**Data extracts**
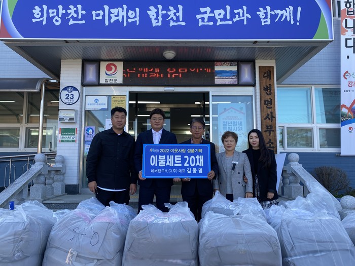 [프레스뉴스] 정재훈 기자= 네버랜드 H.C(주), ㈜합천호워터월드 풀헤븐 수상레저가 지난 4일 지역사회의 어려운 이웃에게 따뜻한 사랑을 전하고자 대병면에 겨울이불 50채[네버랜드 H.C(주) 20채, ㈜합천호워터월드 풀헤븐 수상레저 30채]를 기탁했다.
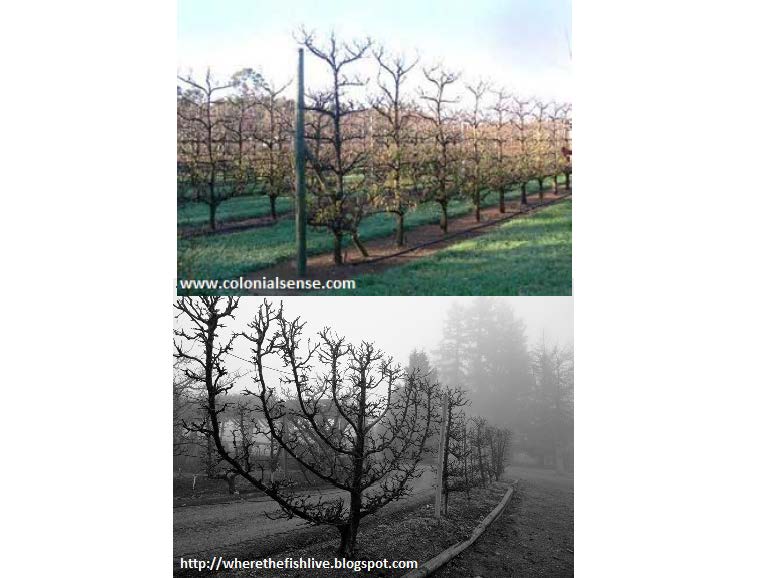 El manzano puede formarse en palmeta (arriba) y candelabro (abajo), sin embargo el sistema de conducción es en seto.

* * *

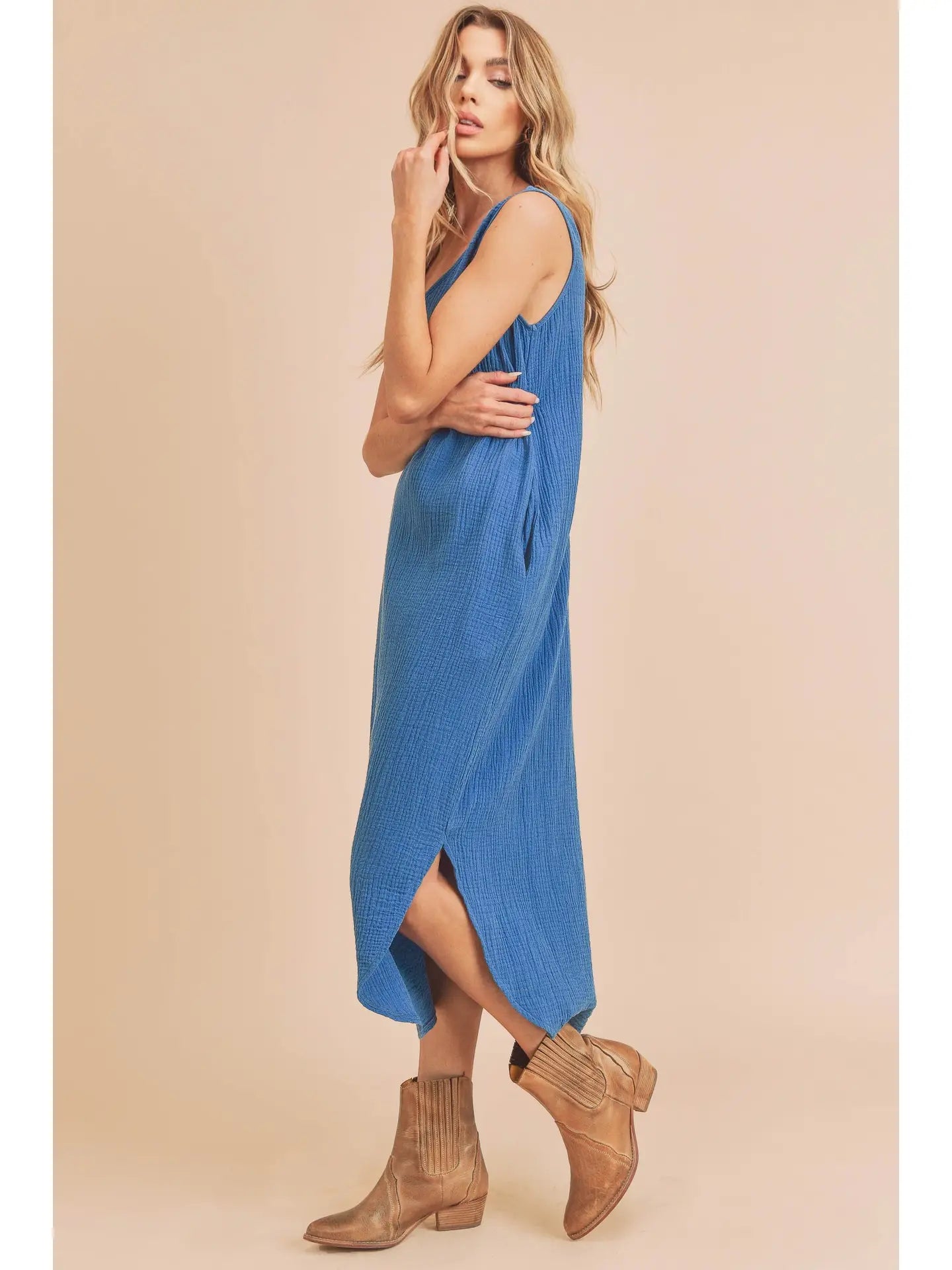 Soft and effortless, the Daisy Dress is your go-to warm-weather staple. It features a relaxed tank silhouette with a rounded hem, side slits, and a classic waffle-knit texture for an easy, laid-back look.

...

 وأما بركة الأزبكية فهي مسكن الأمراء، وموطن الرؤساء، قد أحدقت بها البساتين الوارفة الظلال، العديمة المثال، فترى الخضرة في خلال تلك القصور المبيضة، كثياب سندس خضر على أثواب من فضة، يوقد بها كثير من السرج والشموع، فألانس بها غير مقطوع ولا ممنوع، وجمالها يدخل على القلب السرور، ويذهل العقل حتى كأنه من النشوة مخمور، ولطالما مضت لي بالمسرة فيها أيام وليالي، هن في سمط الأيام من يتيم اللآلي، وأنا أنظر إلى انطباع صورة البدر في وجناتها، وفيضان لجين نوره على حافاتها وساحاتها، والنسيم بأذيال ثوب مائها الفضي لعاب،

**Problem to solve**
In the data above, take the line with "[프레스뉴스] 정재훈 기자= 네버랜드", the line with "El manzano puede", and every line between, and set them down exactly without pictures.

**Written response**
 [프레스뉴스] 정재훈 기자= 네버랜드 H.C(주), ㈜합천호워터월드 풀헤븐 수상레저가 지난 4일 지역사회의 어려운 이웃에게 따뜻한 사랑을 전하고자 대병면에 겨울이불 50채[네버랜드 H.C(주) 20채, ㈜합천호워터월드 풀헤븐 수상레저 30채]를 기탁했다.
 El manzano puede formarse en palmeta (arriba) y candelabro (abajo), sin embargo el sistema de conducción es en seto.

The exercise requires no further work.